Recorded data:
--- START ---

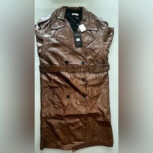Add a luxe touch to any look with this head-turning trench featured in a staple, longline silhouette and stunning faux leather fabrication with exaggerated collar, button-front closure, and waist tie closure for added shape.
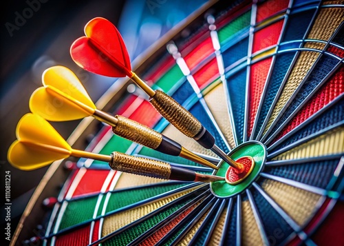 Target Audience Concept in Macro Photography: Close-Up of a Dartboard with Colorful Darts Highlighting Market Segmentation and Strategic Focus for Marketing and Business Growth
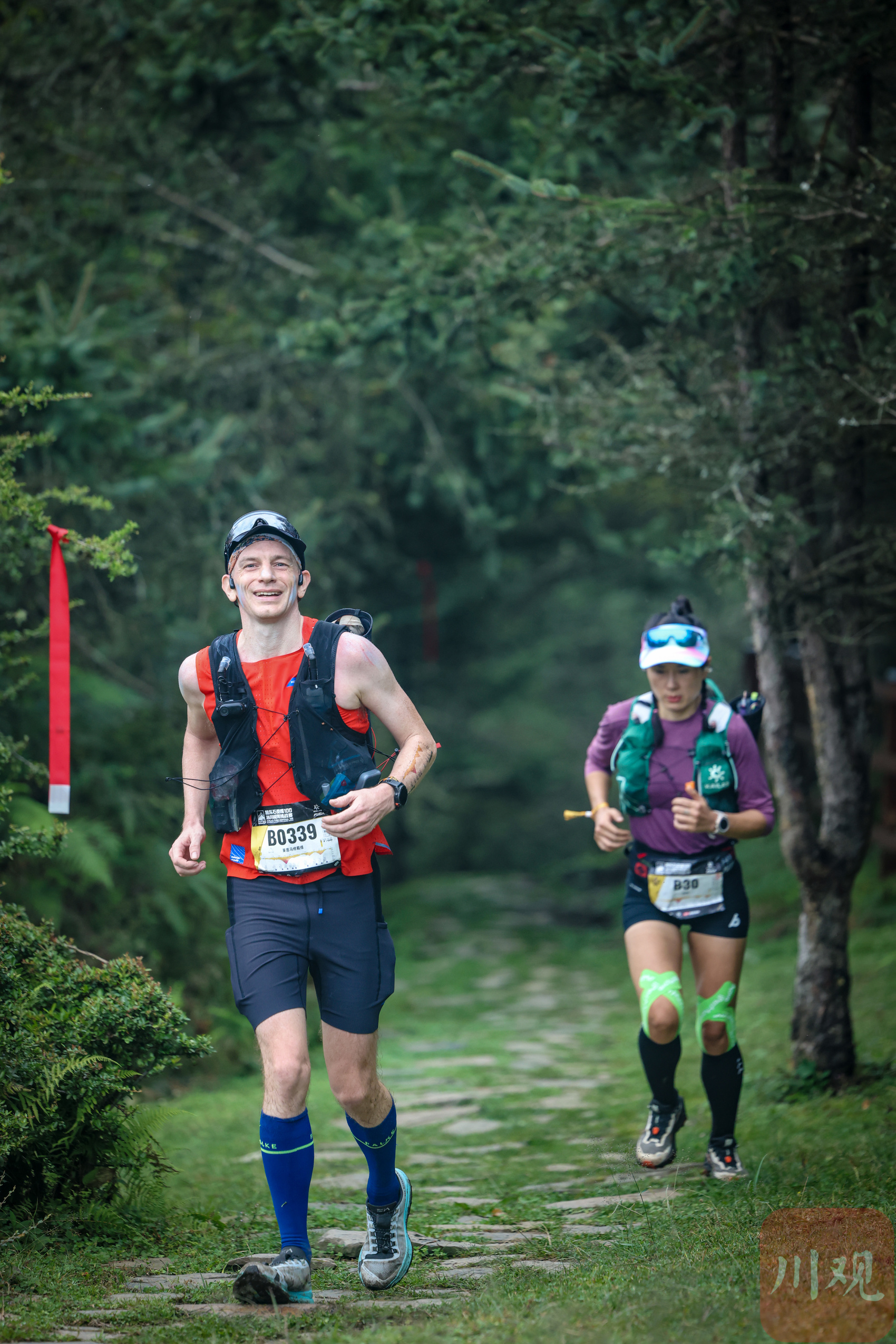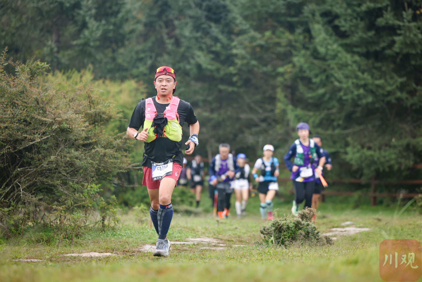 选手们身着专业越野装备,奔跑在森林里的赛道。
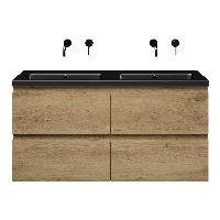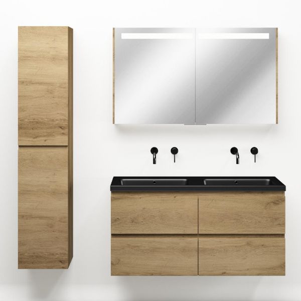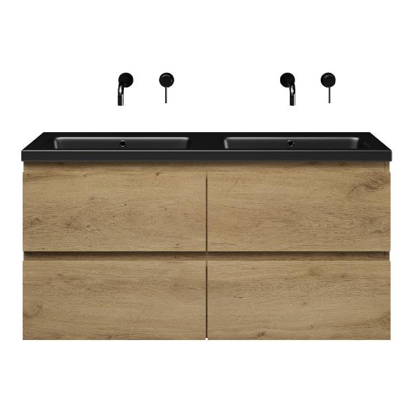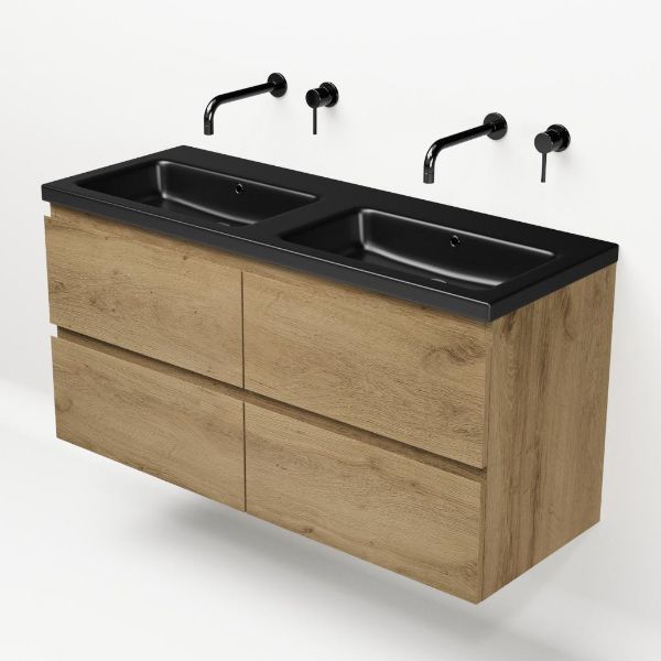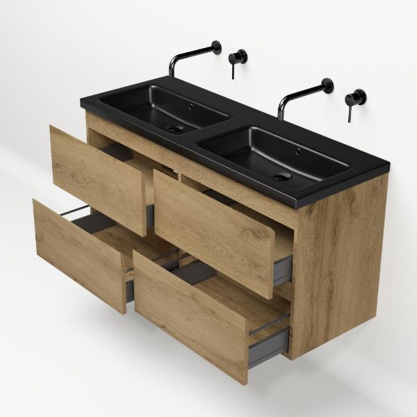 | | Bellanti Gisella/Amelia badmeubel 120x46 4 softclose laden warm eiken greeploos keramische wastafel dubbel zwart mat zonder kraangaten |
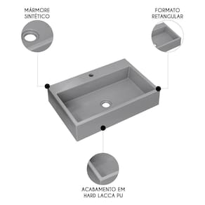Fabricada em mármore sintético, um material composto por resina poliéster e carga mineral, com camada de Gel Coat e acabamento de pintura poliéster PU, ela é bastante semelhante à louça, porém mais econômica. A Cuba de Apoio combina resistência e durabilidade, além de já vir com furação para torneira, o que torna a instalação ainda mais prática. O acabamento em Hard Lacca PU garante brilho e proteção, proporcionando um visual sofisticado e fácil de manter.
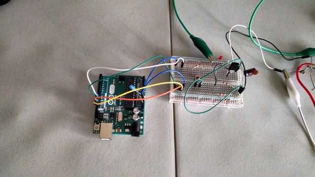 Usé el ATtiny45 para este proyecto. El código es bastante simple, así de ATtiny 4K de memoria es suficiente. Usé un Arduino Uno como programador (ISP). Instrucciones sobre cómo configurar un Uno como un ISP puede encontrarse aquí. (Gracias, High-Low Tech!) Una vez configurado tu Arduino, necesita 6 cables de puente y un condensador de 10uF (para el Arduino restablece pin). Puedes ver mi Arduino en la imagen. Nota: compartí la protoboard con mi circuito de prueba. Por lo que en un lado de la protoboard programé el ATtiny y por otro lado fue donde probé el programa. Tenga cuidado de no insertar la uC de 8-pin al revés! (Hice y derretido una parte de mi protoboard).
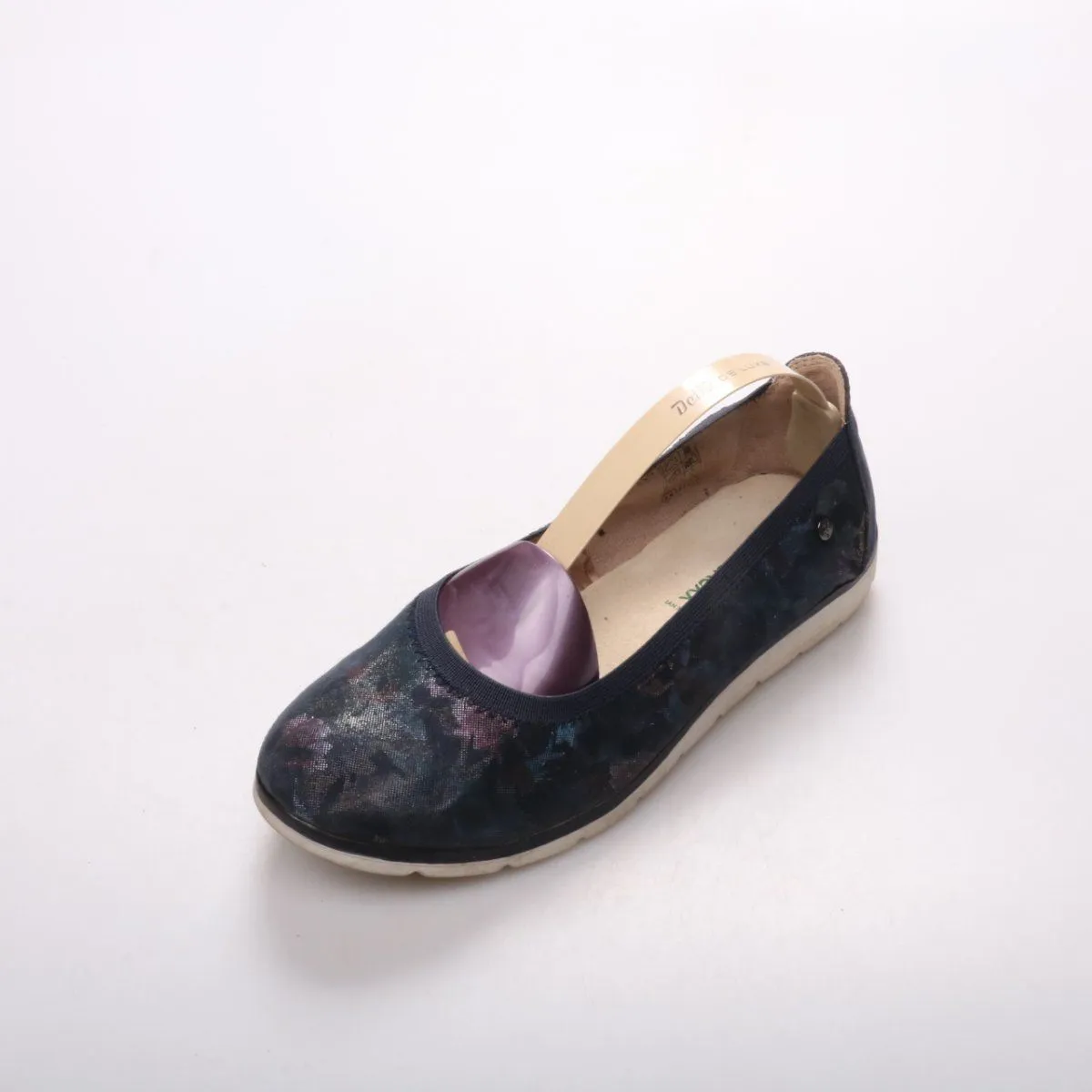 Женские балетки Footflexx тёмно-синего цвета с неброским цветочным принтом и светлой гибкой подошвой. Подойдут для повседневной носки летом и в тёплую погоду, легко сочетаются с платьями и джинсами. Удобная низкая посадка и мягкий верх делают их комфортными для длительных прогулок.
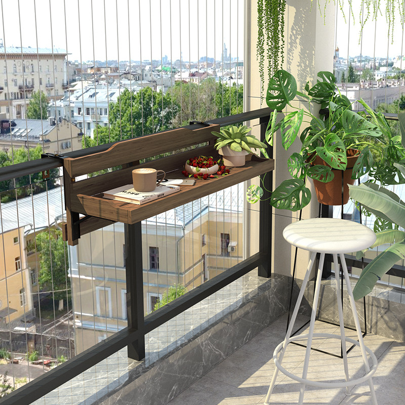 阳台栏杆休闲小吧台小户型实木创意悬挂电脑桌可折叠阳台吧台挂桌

--- END ---

● Required work:
Among the entries above, take the lines from the one with "选手们身着专业越野装备,奔跑在森林里的赛道。" through the one with "zonder kraangaten |" and retype them exactly, leaving out the pictures.

● Result below:
 选手们身着专业越野装备,奔跑在森林里的赛道。
 | | Bellanti Gisella/Amelia badmeubel 120x46 4 softclose laden warm eiken greeploos keramische wastafel dubbel zwart mat zonder kraangaten |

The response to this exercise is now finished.